I am currently working on a chapter for “Leading Works in Public Law”, a collection edited by Ben Yong and Patrick O’Brien. My chapter is on SA de Smith’s Judicial Review of Administrative Action. Here is a draft of the first section, on “The Work”
The Work
Born in 1922, Stanley Alexander de Smith attended Southend High School and St Catharine’s College, Cambridge, where he graduated with a double first-class BA in 1942.[1] In each of his three years of undergraduate study, de Smith recorded a first in law, garnering also the George Long prize in jurisprudence along the way.

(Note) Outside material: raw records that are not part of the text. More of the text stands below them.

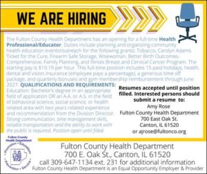 “The Fulton County Health Corporation” (I-CARE, Inc.) is a locally driven collaboration to increase the capacity of the Fulton County Health Department’s programs and services to meet the needs of local residents.”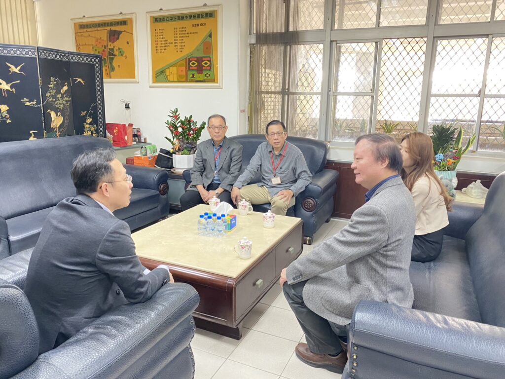王政彥校長(右1)感謝中正高中陸炳杉校長(左1)全力支援分區場地與試務工作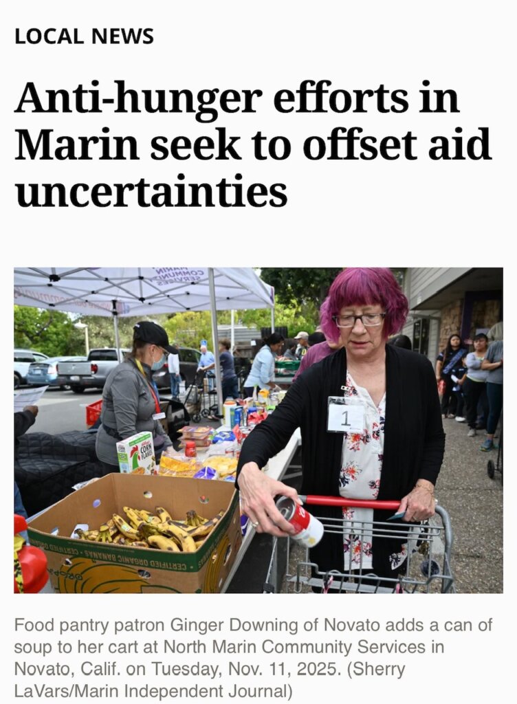 We are grateful to the Marin Independent Journal for shedding light on the urgent issue of potential funding cuts to food pantries—and the serious impact this could have on families in our community. The article features an interview with North Marin Community Services CEO Cheryl Paddack, who discusses how these challenges are affecting our local food pantry and the increasing need for support.

A period of military service (with honours) followed, before he took up a position as Assistant Lecturer at the London School of Economics in 1946. He was successively promoted to Lecturer, Reader and, in 1959, Professor of Public Law before returning to Cambridge in 1970 as the Downing Professor of the Laws of England and a fellow of Fitzwilliam College. In 1971, he became a fellow of the British Academy. During his time at the LSE he was an active member of Editorial Committee of the Modern Law Review from 1947 to 1959 and later joined the Cambridge Law Journal in 1959 before acceding to the role of editor in 1973.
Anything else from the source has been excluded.